Тёплой ладонью она нежно гладит меня по голове, по темени, по волосам, по тугим косичкам. И от этой неожиданной ласки я почему-то реву ещё больше. И эти сладкие детские слёзы остаются на её фартуке.

Вот такое оно, горе луковое. Вроде как бы и ненастоящее.

II

Осенью, обычно в сентябре – октябре, когда наступала пора урожая, нас, студентов, всегда посылали в колхоз, «на картошку». Такая помощь труженикам села считалась нормой и даже почётной. Мы спасали, собирали, перебирали, отбирали или сортировали овощи. Так и хочется по привычке добавить – «овощи-фрукты». Но фруктами граждане занимались там, где теплее, в южных республиках. А нам, северянам, в полях и на овощных базах доставались морковь, картошка, капуста и репчатый лук – самая дорогая «овощь». И, признаюсь, в юности мы этому радовались. Вокруг были не нудные коридоры, аудитории, стены и потолки, а пока ещё тёплое солнце, просторы полей, упоительный сытный воздух осеннего урожая. Свежий ветер, а главное – вольность, костры и смех молодого общения. А что грязные руки и холодные, промокшие ноги? Так это же ерунда! Руки вымыть можно, а ноги – согреть у костра. Ну а если кто-то ещё прихватил из дома гитару… то прежнюю нудную жизнь в городе можно просто не вспоминать, а, глядя на языки пламени, слушать и слушать сладкие струнные переборы и подпевать нестройными голосами. «Как отблеск от заката, костёр меж сосен пляшет. ⁄ Ты что грустишь, бродяга, а ну-ка улыбнись. ⁄ И кто-то очень близкий тебе тихонько скажет: ⁄ “Как здорово, что все мы здесь сегодня собрались…”» Ну что может быть теплее, беззаботней и романтичней?..

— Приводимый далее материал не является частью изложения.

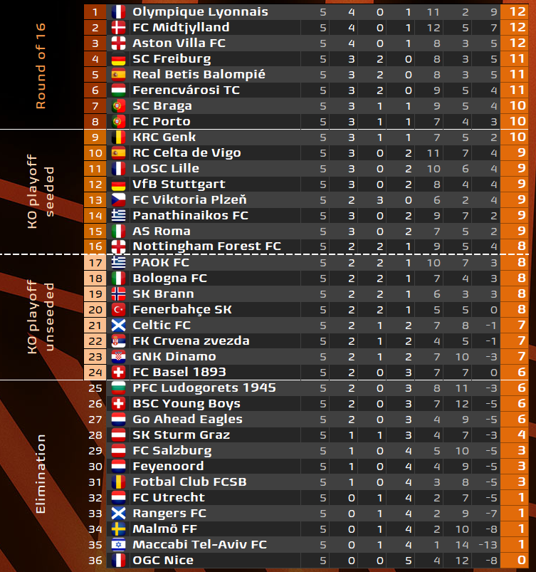 Το πρόγραμμα της 6ης αγωνιστικής της League Phase του Europa League.

Помню, в ту осень студентов-сценаристов ВГИКа распределили работать на овощную базу в Останкино. (Остальных режиссёров-актёров почему-то послали в колхоз.) Я ликовала. Ура! В моё родное Останкино! Где я родилась, где ещё стояли наши временные дома-бараки, добротно построенные до войны для сотрудников ВСХВ (известно же – нет ничего более постоянного, чем временное). А мои молодые родители после Тимирязевки как раз и были такими сотрудниками. Правда, теперь они давно разошлись, расстались. Папа навсегда уехал работать в Сибирь и там женился. А мама… она в Сибирь не поехала. В Москве осталась. И тоже пыталась замуж выйти, найти судьбу, но всё как-то не получалось. Как-то не складывалось. Так что при обоих живых родителях (после смерти бабушки с дедом) я осталась вроде бы сиротой. И даже с горя (но, конечно, и «по зову партии и правительства») девятиклассницей рванула на целину, на Алтай. «Партия сказала: “Надо”. Комсомол ответил: “Есть!”» А вернувшись и поступив во ВГИК, без всяких знакомств, прямо с улицы, я не стала стеснять дорогую маму в нашей останкинской комнате, а добилась места в студенческом общежитии.

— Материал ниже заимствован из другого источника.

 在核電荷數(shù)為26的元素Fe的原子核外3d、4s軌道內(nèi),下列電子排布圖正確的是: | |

Овощная база была невзрачная, такой большой серый сарай за высокой бетонной оградой. И с проходной будкой (с вахтёром – сменным сторожем и с собакой). Чтоб работники не воровали, не «расхищали государственное добро», не выносили овощи по-тихому. Например, дорогой лук в своих умышленно не по размеру, высоких, широких резиновых сапогах. Чуть не по кило в каждом. И подкопы не делали под бетонной двухметровой оградой, чтоб протаскивать наружу мешки с картошкой-моркошкой… База эта была неподалеку от строившегося здания телецентра. Кстати, куда потом, получив дипломы, мы, сценаристы-отличники, направлены были на службу. В один отдел с Юрой Визбором. А пока на берегу пруда, как в зеркале отражавшего иглу телебашни, уходящей в небо, и белые колонны дворца Шереметьева, росли ударными темпами стены этого самого телецентра.

Нашему курсу на овощной базе досталось перебирать и сортировать репчатый лук. Урожай ближних колхозов. Это был, конечно, подарок, бонус и льгота. Потому что, к примеру, другим, киноведам, досталось перебирать картошку в соседнем отсеке.

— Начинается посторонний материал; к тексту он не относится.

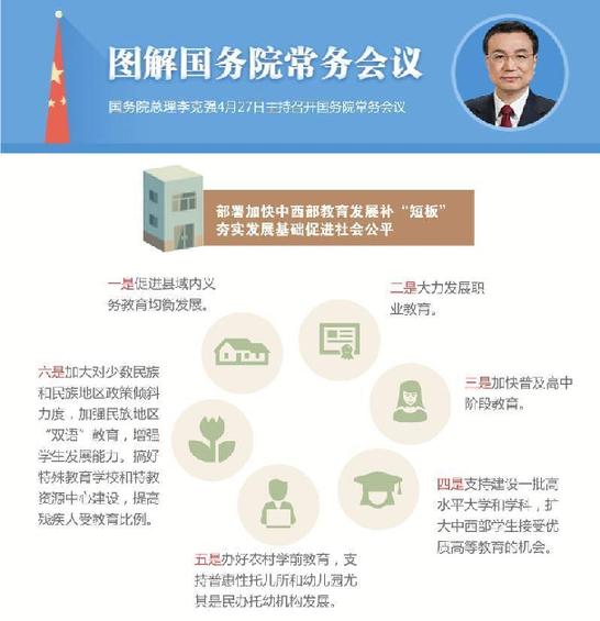 國務院總理李克強4月27日主持召開國務院常務會議,部署加快中西部教育發(fā)展補“短板”,夯實發(fā)展基礎、促進社會公平。會議指出,加快中西部教育發(fā)展,把提升最貧困地區(qū)教育供給能力和最困難人群受教育水平作為重點任務。會議確定了加快中西部教育發(fā)展的六項措施。

А после дождей она, конечно, скользкая, в грязи и земле. Лук же репчатый сухонький, почти чистенький. Да и рукавицы нам выдали для работы. Причём не простые, а специальные, в три пальца, и твёрдые, из брезента. Почти не сгибаются. Но я без них приспособилась. Просто голыми руками быстро так перебираю и быстро раскидываю луковицы по ящикам. Отдельно – большие, отдельно – маленькие. Гнилые – в сторону. Правда, пальцы к обеду стынут, крючатся, как куриные лапы. Приходится согревать их дыханием. Но… слава богу, у меня только лук, не морковь, не картошка. И вокруг невольно растёт и растёт гора золотой шуршащей шелухи.

В помещениях базы холодно, промозгло, аж жуть. Особенно там, где хранится картофель. С непривычки до костей пробирает. Все рабочие в ватниках и халатах. Но топить тут нельзя по технологии. Овощи должны поступать в торговую сеть, в магазины города свежими. Словно прямо с полей. В мешках или в ящиках. Особенно лук, самый ценный тут овощ. И только в ящиках – дощатых, наскоро сбитых. И вот я стою в перерыве над предстоящей ещё работой, над этим морем живого лука, густо, волнами, тоннами устилающего пол. И вдруг от какой-то необъяснимо-детской радости не выдерживаю и, раскинув руки, навзничь валюсь в хрусткое это богатство, в ароматное шуршание шелухи. На минуту закрываю глаза. Сразу слышатся где-то голоса сокурсников, крики приехавших шоферов, рабочих у ленты подачи. Вдыхаю густой запах свежей земли и драгоценного лука, витаминный, целебный. Будто в детстве мама, сварив суп, ставит кастрюлю на стол и громко зовёт: «До-ча! Иди скорей кушать… Пока горячее, не остыло!».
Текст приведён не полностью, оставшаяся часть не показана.